Vaginal Estrogen Therapy
This treatment is specific to postmenopausal women and has proven effective in preventing recurrent UTIs by rebalancing the vaginal flora and reducing the risk of vaginal wall thinning. This hormone therapy comes in the form of a ring or cream that is inserted into the vagina. Unlike oral hormone replacement therapy which is taken as a pill, vaginal estrogen therapy is not significantly absorbed into the bloodstream so it has minimal risk of causing the serious adverse side effects that oral systemic hormone therapy can cause such as stroke, heart attack, blood clots, breast cancer, and uterine cancer.
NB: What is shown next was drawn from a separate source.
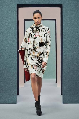 L’atto di avvolgere suggerisce modi per costruire i capi, mentre le stampe grafiche lo evidenziano. I tocchi di pelliccia sintetica aggiungono ulteriore tattilità. La pelle è liscia

These therapies are usually presented in tandem with use of a prophylactic strategy to help prevent a recurrence. These therapies include drinking plenty of water, wearing cotton underwear and loose clothing, peeing after sexual intercourse, wiping front to back after going to the bathroom, using forms of birth control other than spermicide and diaphragms, and avoiding products with fragrance. Although the research on whether or not these behaviors actually help to prevent UTI is conflicting, they are low-risk changes that can be made that would only help with treating recurrent UTIs.
If the root cause of your recurrent UTIs is determined to be a urinary tract abnormality or obstruction, your doctor may opt to surgically repair the urinary tract, or remove the obstructions.
Risks of Untreated UTIs
UTIs can go away on their own, but when a person has symptoms of UTI and testing to prove that an infection exists, it isn’t recommended to forego antibiotic treatment, especially if you’re experiencing recurrent infections. There are some serious potential consequences of leaving a UTI untreated.
Also known as a kidney infection, pyelonephritis can cause permanent damage to the kidney or even become life threatening if the infection spreads to your bloodstream. This occurs when the UTI-causing bacteria moves up into your kidneys.
This occurs when the infection spreads from the urinary tract into the bloodstream. Sepsis can be life-threatening or lead to multiple-organ failure, chronic pain, and even amputations.
UTIs are common, but if you’ve been experiencing a chronic UTI that just keeps on coming back, there is hope. I wanted to show you that there are diagnosable causes with evidence-based treatment plans out there for you. Your next best step is to contact your primary care provider or gynecologist who can help you with next steps. They may refer you to a urologist or urogynecologist (like me!) to discuss the need for further diagnostic testing or treatment options. Don’t be afraid to ask questions and advocate for yourself now that you know all about chronic UTIs!